Gli street photographer conoscono, infatti, il cuore della città, com’è organizzata la vita al suo interno; sanno come mescolarsi al flusso urbano, sono in grado di intuire il modo in cui le persone si rapportano fra loro. Ad esempio, leggono in anticipo le intenzioni di un pedone, se sta per attraversare una strada, se si fermerà o meno a un semaforo; riconoscono le abitudini di un gruppo di persone, intuendo se e quando vale la pena avvicinarsi con discrezione a una scena potenzialmente interessante per poi dileguarsi altrettanto discretamente dopo lo scatto desiderato. Ma sanno anche da che lato tramonterà il sole in autunno a Central Park, quale strada di Manhattan è più affollata il venerdì sera. Tutto per essere pronti a cogliere il momento decisivo, quello in cui accadrà qualcosa che vale la pena di immortalare.

Secondo McLaren, più che un genere, la fotografia di strada può essere considerata una tradizione, «una combinazione di strumenti improvvisati da usare quando il momento lo richiede, come un musicista jazz che insegue un riff. Di fronte alla migliore street photography ci apriamo a tutta una serie di stati d’animo, talvolta con la caustica ironia di un Elliott Erwitt, ma anche con empatia, fascinazione e in alcuni casi inquietudine». Di sicuro è una tradizione che non conosce crisi, soprattutto oggi, con l’avvento degli smartphone, grazie ai quali tutti si sentono un po’ fotografi di strada. E nel mondo dei veri appassionati oggi c’è un rinnovato interesse per il genere. A testimoniarlo, ad esempio, il successo dei libri e delle mostre della tanto prodigiosa quanto sconosciuta, fino a qualche anno fa, Vivian Maier, o del ben noto Martin Parr. Eppure, chiosa però il curatore del volume, «nella prima età dell’oro, tra gli anni Cinquanta e Sessanta, la street photography era a malapena “qualcosa”. Chi avesse chiesto al grande pubblico il nome di un suo esponente importante, avrebbe ricevuto di rimando degli sguardi vuoti, perché non era un’attività culturale di tendenza. La sua popolarità attuale, tuttavia, è stata un’arma a doppio taglio, poiché postmodernisti, curatori di gallerie d’arte e critici vari si sono tutti augurati che fosse morta, affinché si potesse affermare una fotografia più concettuale, che si elevasse sopra gli sforzi più modesti degli street photographer».
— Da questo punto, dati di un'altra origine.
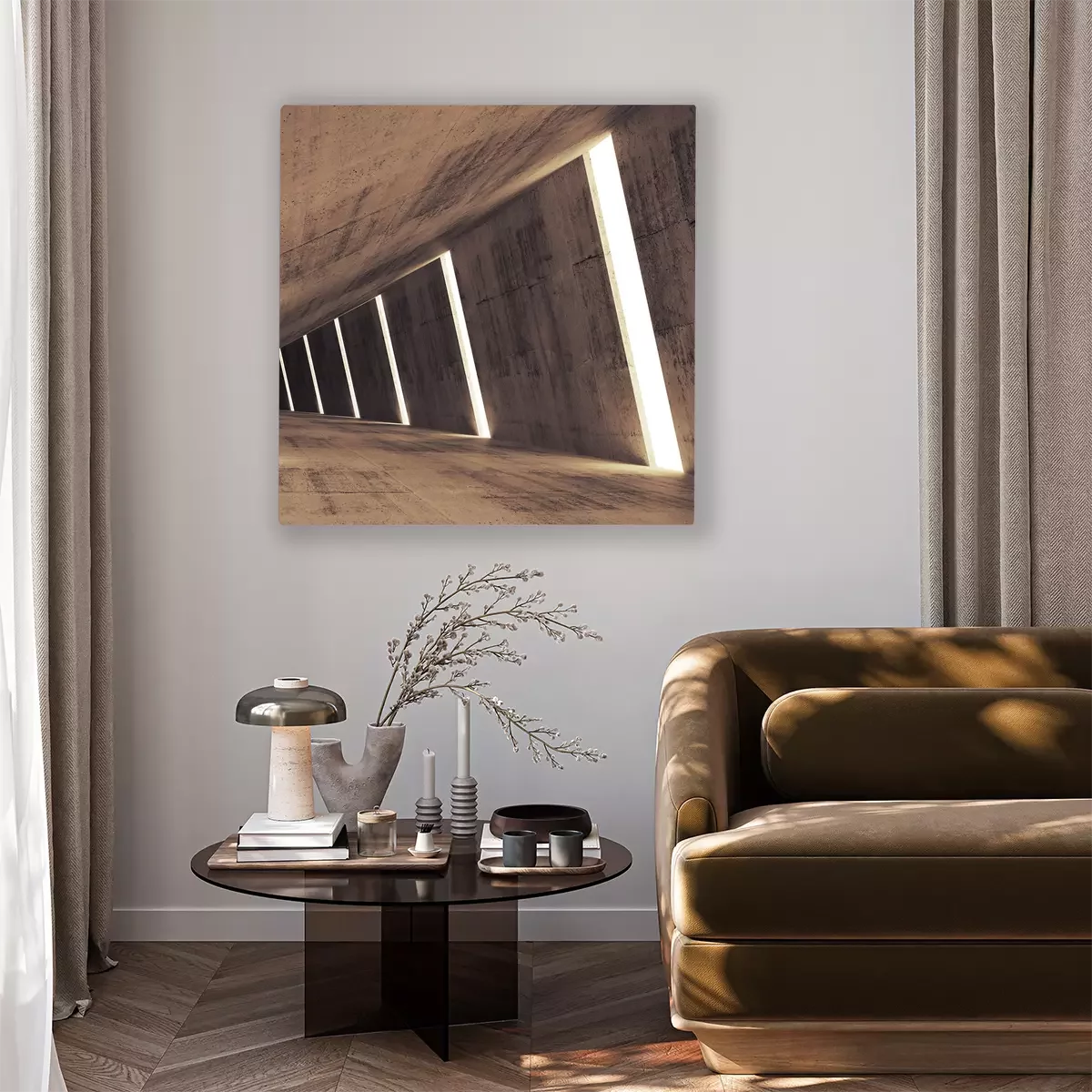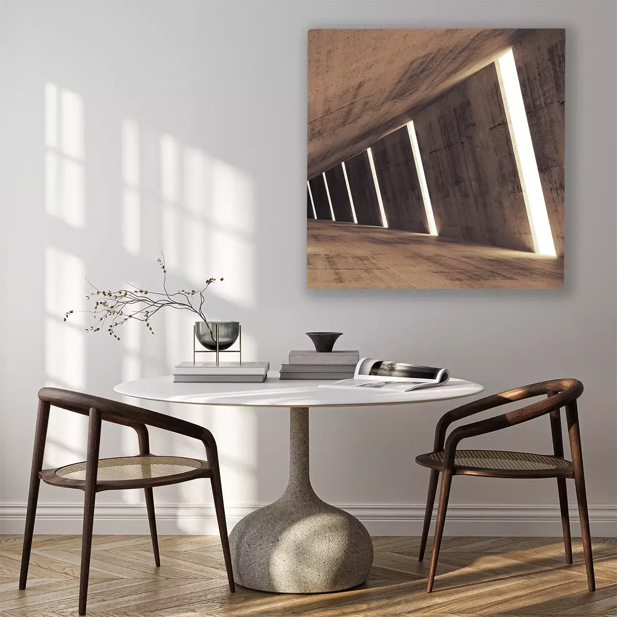 Canvas Abstract betonnen 3d interieur perspectief met lichte strepen
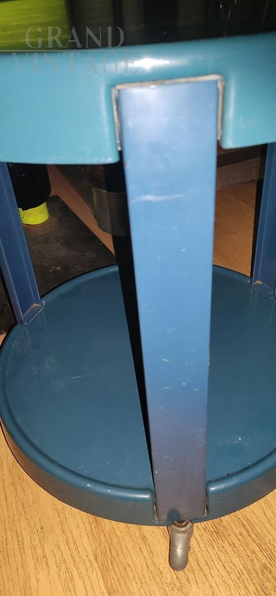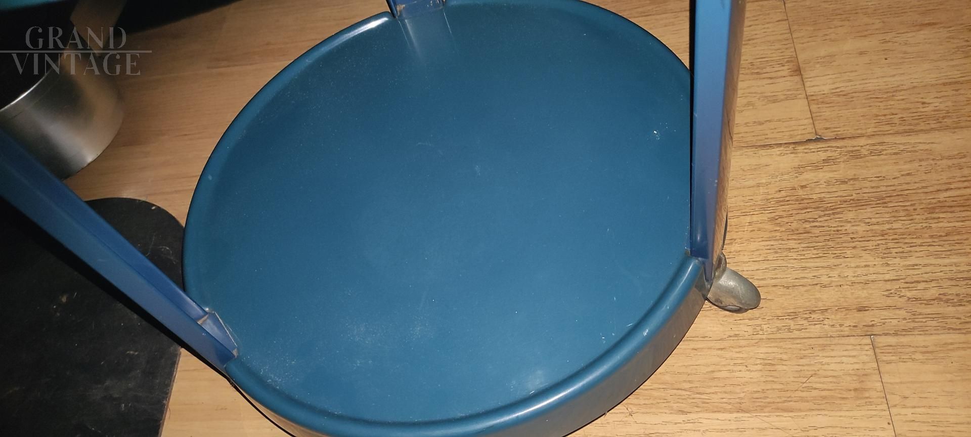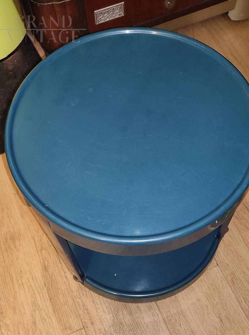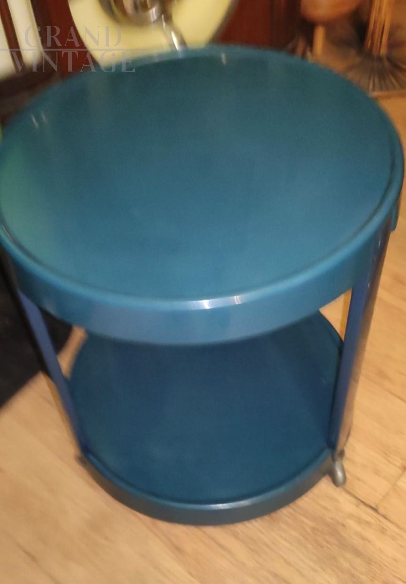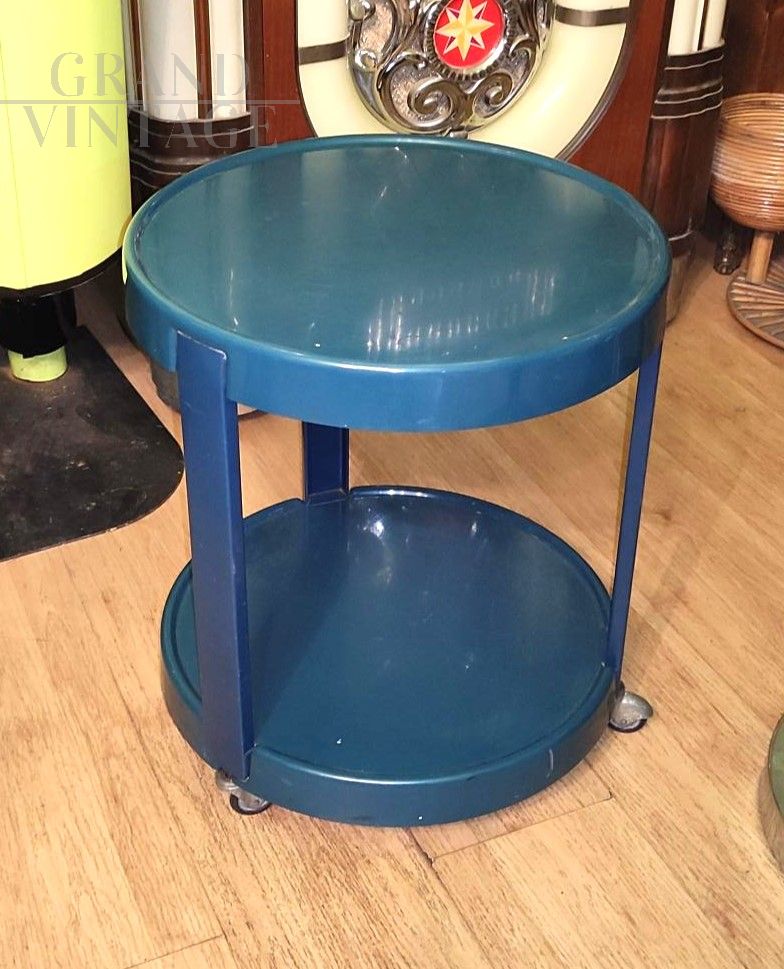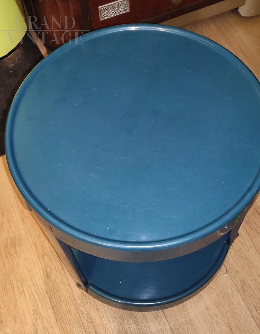 Carrello vintage rotondo in plastica blu petrolio, modernariato italiano space age anni '70, ben tenuto, con i naturali segni del tempo.

Magnum per strada sgombera il campo da ogni fraintendimento o colpevole diminuzione. Il libro è infatti uno scrigno di perle rubate alla vita di ogni giorno, un’occasione per immergersi in un genere popolare ma tutt’altro che minore. Soprattutto è una lente che aiuta a leggere la storia, quella più recente.

E proprio in un tempo in cui sovrabbondano le immagini generate e messe in rete da milioni di improvvisati reporter, è tanto più necessaria la presenza di fotografi in grado di leggere e documentare i mutamenti in atto. E nulla è più interessante di una piazza del centro città o di una strada di periferia, di un treno della metropolitana carico di pendolari, di un mercato affollato, di una spiaggia d’estate o di una festa popolare per raccontare dal basso come cambia una società.